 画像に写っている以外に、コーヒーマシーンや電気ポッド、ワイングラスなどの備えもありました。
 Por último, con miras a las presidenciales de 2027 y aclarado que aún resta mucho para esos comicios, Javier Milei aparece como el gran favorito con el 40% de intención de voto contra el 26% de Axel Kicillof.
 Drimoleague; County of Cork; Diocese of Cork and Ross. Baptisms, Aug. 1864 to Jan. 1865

·····

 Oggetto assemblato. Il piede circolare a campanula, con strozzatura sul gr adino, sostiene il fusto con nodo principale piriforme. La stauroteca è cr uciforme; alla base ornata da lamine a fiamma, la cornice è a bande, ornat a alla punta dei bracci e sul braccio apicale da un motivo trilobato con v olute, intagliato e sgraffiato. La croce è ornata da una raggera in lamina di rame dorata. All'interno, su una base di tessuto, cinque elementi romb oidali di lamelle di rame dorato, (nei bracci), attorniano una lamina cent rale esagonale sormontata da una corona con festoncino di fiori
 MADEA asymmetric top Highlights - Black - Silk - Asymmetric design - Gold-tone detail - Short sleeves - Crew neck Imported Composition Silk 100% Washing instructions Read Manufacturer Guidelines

·····

Directions: When you reach the line in the material above that holds "Por último, con", begin reproducing lines exactly, and stop after the line that holds "Drimoleague; County of".

Solved exercise:
 Por último, con miras a las presidenciales de 2027 y aclarado que aún resta mucho para esos comicios, Javier Milei aparece como el gran favorito con el 40% de intención de voto contra el 26% de Axel Kicillof.
 Drimoleague; County of Cork; Diocese of Cork and Ross. Baptisms, Aug. 1864 to Jan. 1865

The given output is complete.